While we continue to analyze the data, we are encouraged by the initial findings and will be collecting additional data to further assess the efficacy and safety of tofersen in a larger SOD1 population and over a longer duration. To this end, we recently enrolled the first patient in our Phase 3 trial, called VALOR, for which we aim to enroll approximately 60 individuals at 32 sites across 10 countries. We are working with regulatory agencies to further define the scope of the clinical data package that is required to support an approval to market tofersen. We believe that, if successful, the ongoing trial will be an important component of this package. To learn more about this trial, please visit https://clinicaltrials.gov/or reach [email protected].
You can also access additional information in our news release, here.
BIIB078 for the Treatment of C9orf72-Related ALS
Individuals diagnosed with C9orf72-related ALS are being recruited by selected sites for the first-in-human clinical trial of BIIB078.
This study is designed to investigate the safety, tolerability, and pharmacokinetics of increasing doses of BIIB078 compared to a group that receives a placebo. As is common in a clinical trial in which several dose strengths are being evaluated, Biogen assesses data obtained from each dose group before enrolling participants to receive the next highest dose. This means that, by design, the clinical trial goes through periods of more or less active recruitment. This period of evaluation may not always be reflected on clinicaltrials.gov, but is critical to ensure the safety of participants.
Also, since the safety and tolerability profile of BIIB078 has not yet been fully studied in humans, as is typical with trials in this phase of development, the number of participants to be included in the clinical trial will be limited. While we realize there is a great unmet need in the C9orf72 community and strong desire for access to investigational therapies, we appreciate your understanding as we uphold the highest standards of care.
Currently we have 9 active sites in the U.S. and Canada and hope to have several more open globally in the next few months to complete enrollment as soon as possible.
BIIB100 for the Treatment of Sporadic ALS
Finally, BIIB100 is the newest addition to our ALS research program; it is an investigational therapy for the treatment of ALS due to sporadic causes.
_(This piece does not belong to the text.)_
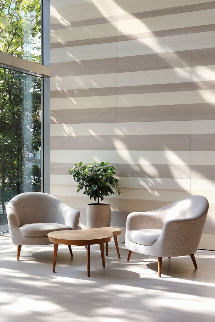 Placing them lower can ground a room, while higher stripes can elevate the ceiling’s appearance. By thoughtfully implementing horizontal stripes, you not only enrich the architectural character of your space but also invite a fresh perspective into your design.

We will begin investigating the safety and tolerability of BIIB100 for the treatment of ALS in a Phase 1 trial as early as June 2019. The trial will be a single ascending dose study, meaning that participating individuals will receive one dose of the treatment. We will share further updates once study sites begin enrolling patients.
We are incredibly grateful for those in the ALS community who believe in the science behind our investigational treatments and have chosen or sought to participate in one of our trials. We realize that we cannot accommodate every person who wants to join a study and how frustrating that can be for people who hope to seek access to these treatments.
We recognize that there are limited trials and treatments available, so we will continue to work very closely with study sites and investigators to enhance the study participant experience while ensuring that investigators can properly conduct the study and evaluate the data.
With all of our investigational treatments, our goal is to evaluate the data as quickly as we can, looking for positive safety and efficacy signs that will support the advancement of our development programs and the broadest access to appropriate individuals.
As part of our commitment to finding a treatment for people living with ALS, we will continue to provide you and the greater ALS community with regular updates of our clinical development plans, including opportunities for participation in Biogen clinical trials.